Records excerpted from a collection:
•••••
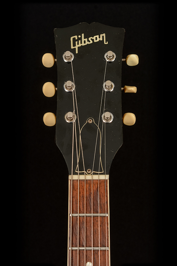 - Headstock front details: Gibson logo and blank bell-shaped truss rod cover
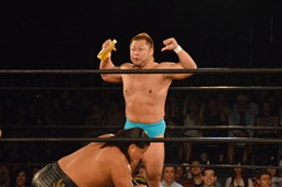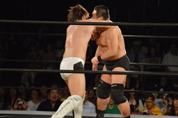 岩崎大鷲にチョップ(左写真)、エルボー、
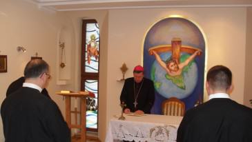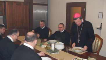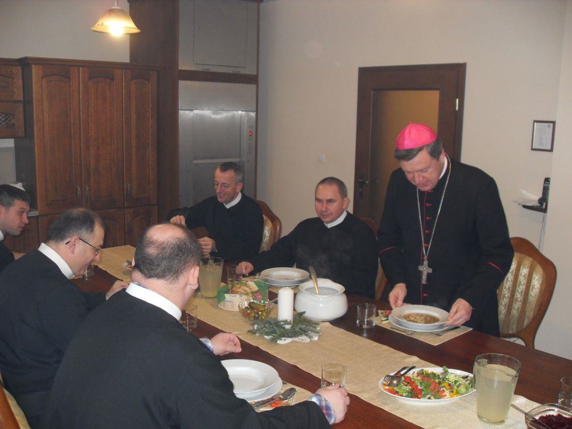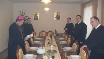 Spotkanie rozpoczęliśmy o godz. 13.00 od modlitwy południowej w kaplicy, a następnie ze śpiewem kolęd na ustach towarzyszyliśmy Księdzu Arcybiskupowi w poświeceniu naszych mieszkań. Wspólne kolędowanie zakończyło się w refektarzu, gdzie przy stole w bardzo braterskiej atmosferze mogliśmy się podzielić przemyśleniami na tematy związane z życiem Kościoła w Polsce, w Archidiecezji Wrocławskiej, a także dotyczącymi Zgromadzenia Redemptorystów. W rozmowie widoczna była wielka troskę Księdza Arcybiskupa o Kościół wrocławski, a zwłaszcza o młodzież i o zakony kontemplacyjne archidiecezji. Ksiądz Arcybiskup wyraził też nadzieję, że nasza wspólnota redemptorystów włączy się czynnie w Ewangelizację młodzieży w metropolii wrocławskiej.
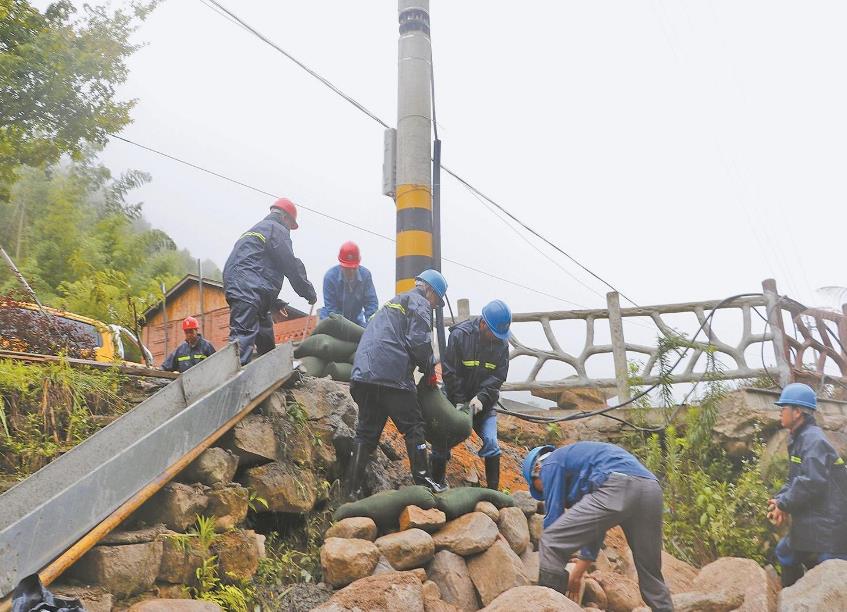 現(xiàn)場下著小雨,郭峰將隊員們分為2組,他和3名隊員利用電桿周圍石頭加固電桿底部,另外一組隊員負(fù)責(zé)填裝沙袋,并放在石頭頂部完成二次加固。
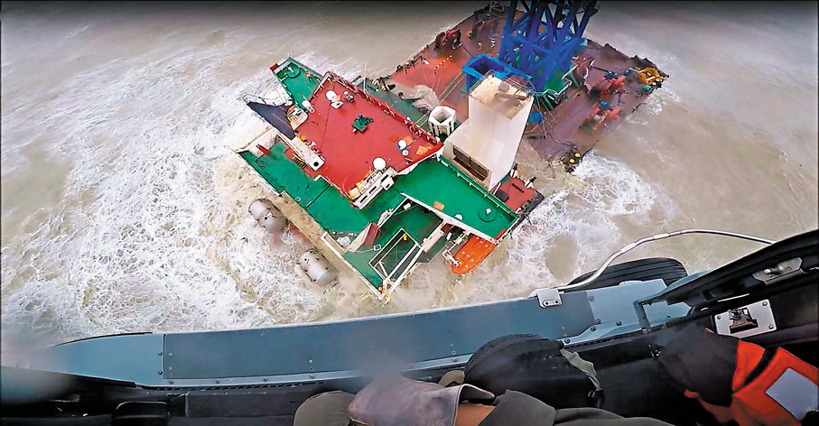 (香港文匯報記者 蕭景源)內地工程船「福景001」前日(2日)在香港西南面約300公里海域遭遇颱風「暹芭」吹襲,不幸斷為兩截沉沒。香港特區政府飛行服務隊在接獲相關報告後第一時間全力援救,其間克服重重困難,包括強風巨浪和現場發電場險阻,成功救起3名船員,惜另外27人至今仍然失蹤,政府飛行服務隊昨續出動定翼機擴大搜救範圍。香港特區政府政務司司長陳國基對此次嚴重海難感到傷心,強調會盡最大努力搜救其他失蹤船員;保安局局長鄧炳強亦親到政府飛行服務隊總部探訪參與救援行動的人員,讚揚他們冒着生命危險救急扶危的精神和卓越表現。
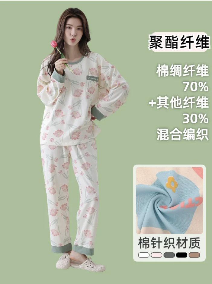 好的面料会越洗越软糯!这款居家服虽然是聚酯纤维,但它不是一般的聚酯纤维,面料成分由棉绸纤维70%+其他棉纤维30%混合编织。
•••••
• Your instructions: Give back the lines from the one containing "Spotkanie rozpoczęliśmy o" through the last line of the records above exactly as they appear, both included, and no pictures.

• Task answer:
 Spotkanie rozpoczęliśmy o godz. 13.00 od modlitwy południowej w kaplicy, a następnie ze śpiewem kolęd na ustach towarzyszyliśmy Księdzu Arcybiskupowi w poświeceniu naszych mieszkań. Wspólne kolędowanie zakończyło się w refektarzu, gdzie przy stole w bardzo braterskiej atmosferze mogliśmy się podzielić przemyśleniami na tematy związane z życiem Kościoła w Polsce, w Archidiecezji Wrocławskiej, a także dotyczącymi Zgromadzenia Redemptorystów. W rozmowie widoczna była wielka troskę Księdza Arcybiskupa o Kościół wrocławski, a zwłaszcza o młodzież i o zakony kontemplacyjne archidiecezji. Ksiądz Arcybiskup wyraził też nadzieję, że nasza wspólnota redemptorystów włączy się czynnie w Ewangelizację młodzieży w metropolii wrocławskiej.
 現(xiàn)場下著小雨,郭峰將隊員們分為2組,他和3名隊員利用電桿周圍石頭加固電桿底部,另外一組隊員負(fù)責(zé)填裝沙袋,并放在石頭頂部完成二次加固。
 (香港文匯報記者 蕭景源)內地工程船「福景001」前日(2日)在香港西南面約300公里海域遭遇颱風「暹芭」吹襲,不幸斷為兩截沉沒。香港特區政府飛行服務隊在接獲相關報告後第一時間全力援救,其間克服重重困難,包括強風巨浪和現場發電場險阻,成功救起3名船員,惜另外27人至今仍然失蹤,政府飛行服務隊昨續出動定翼機擴大搜救範圍。香港特區政府政務司司長陳國基對此次嚴重海難感到傷心,強調會盡最大努力搜救其他失蹤船員;保安局局長鄧炳強亦親到政府飛行服務隊總部探訪參與救援行動的人員,讚揚他們冒着生命危險救急扶危的精神和卓越表現。
 好的面料会越洗越软糯!这款居家服虽然是聚酯纤维,但它不是一般的聚酯纤维,面料成分由棉绸纤维70%+其他棉纤维30%混合编织。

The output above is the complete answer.